Here's what i know (or think i know) about the factoring.
For integer $n> 1 $
1) If $n$ is a positive power of $2$ then it is irreducible.
2) If $n$ is an odd prime then $$x^n + y^n = (x + y)(x^{n-1} - x^{n-2}y + \cdots - xy^{n-2} + y^{n-1} ) $$
3) If $n$ has an odd prime factor then it is factorable but the factorization is more complicated , for example $x^{14} + y^{14}$ has 2 distinct irreducible factors and $x^{15} + y^{15}$ has $4$ distinct irreducible factors.
Is there a connection between the prime factorization of $n$ and the number of distinct irreducible factors of $x^n + y^n$ ?
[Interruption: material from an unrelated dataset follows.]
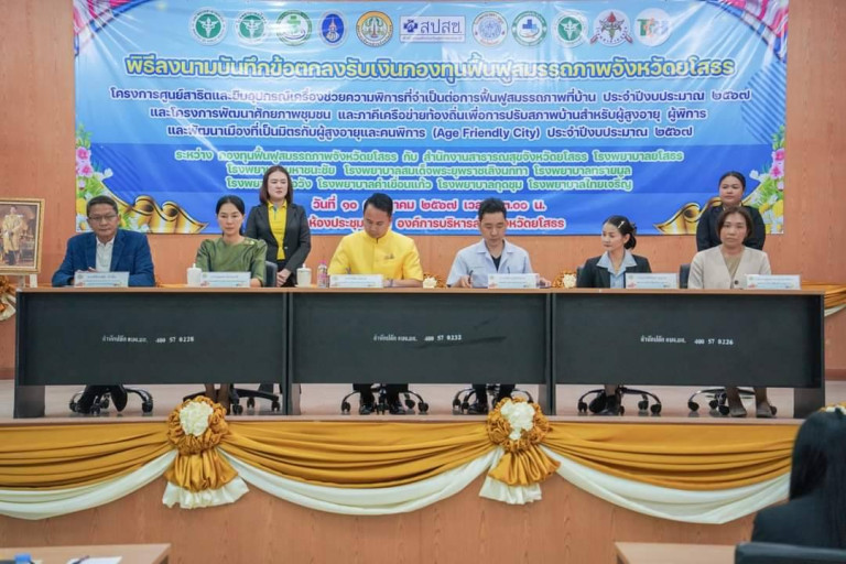 วันที่ 10 ก.ค.67 เวลา 13.00 น. นายวิเชียร สมวงศ์ นายกองค์การบริหารส่วนจังหวัดยโสธร เป็นประธาน พิธีลงนามบันทึกข้อตกลงรับเงินกองทุนฟื้นฟูสมรรถภาพจังหวัดยโสธร ประจำปีงบประมาณ 2567 ที่ห้องประชุมสีเงิน องค์การบริหารส่วนจังหวัดยโสธร โดยมีพันโท ไทย ไชยสอง , นางเบญจพร โคตรสมบัติ รองนายกองค์การบริหารส่วนจังหวัดยโสธร ร่วมลงนามบันทึกข้อตกลงกับ โรงพยาบาลยโสธร , โรงพยาบาลสมเด็จพระยุพราชเลิงนกทา , โรงพยาบาลมหาชนะชัย , โรงพยาบาลทรายมูล , โรงพยาบาลค้อวัง , โรงพยาบาลคำเขื่อนแก้ว , โรงพยาบาลกุดชุม , โรงพยาบาลไทยเจริญ ในการจัดทำบันทึกข้อตกลงรับเงินกองทุนฟื้นฟูสมรรถภาพจังหวัดยโสธรในครั้งนี้และได้มีมติอนุมัติงบประมาณสนับสนุนการดำเนิน โครงการให้กับสำนักงานสาธารณสุขจังหวัดยโสธร และโรงพยาบาล จำนวน 8 แห่ง รวม 9 โครงการ เป็นเงินทั้งสิ้น 1,574,900 บาท

Is there a connection between $n$, AND the number of distinct irreducible factors , AND the highest power occurring in each factor? Example:
$$x^{15} + y^{15} = (x + y)(x^2 - \cdots)(x^4 - \cdots)(x^8 + \cdots)$$
In other words , i'm also asking if there is a connection between $n = 15$ , the number of factors $4$ , and the powers $\{1 , 2 , 4 , 8\}$
For this particular example the numbers work out nicely but i'm not sure the pattern is so obvious in general.
Thank you for your consideration in this matter.
First, see Way to show $x^n + y^n = z^n$ factorises as $(x + y)(x + \zeta y) \cdots (x + \zeta^{n-1}y) = z^n$.
Since we have this factorisation, we need to know in what minimal way we need to combine the $n$th roots of unity so that we have a polynomial over the integers again. Well, if we multiply together all the primitive $d$th roots of unity terms for all $d\mid n$, that's what we want. There are $\phi(d)$ primitive $d$th roots of unity.
Hence you will have $\#\{1\leq d<n:d\mid n\}$ irreducible factors of degrees $\phi(d)$.
In your case, we have $1,3,5,15\mid 15$, and $\phi(1)=1,\phi(3)=2,\phi(5)=4,\phi(15)=8$.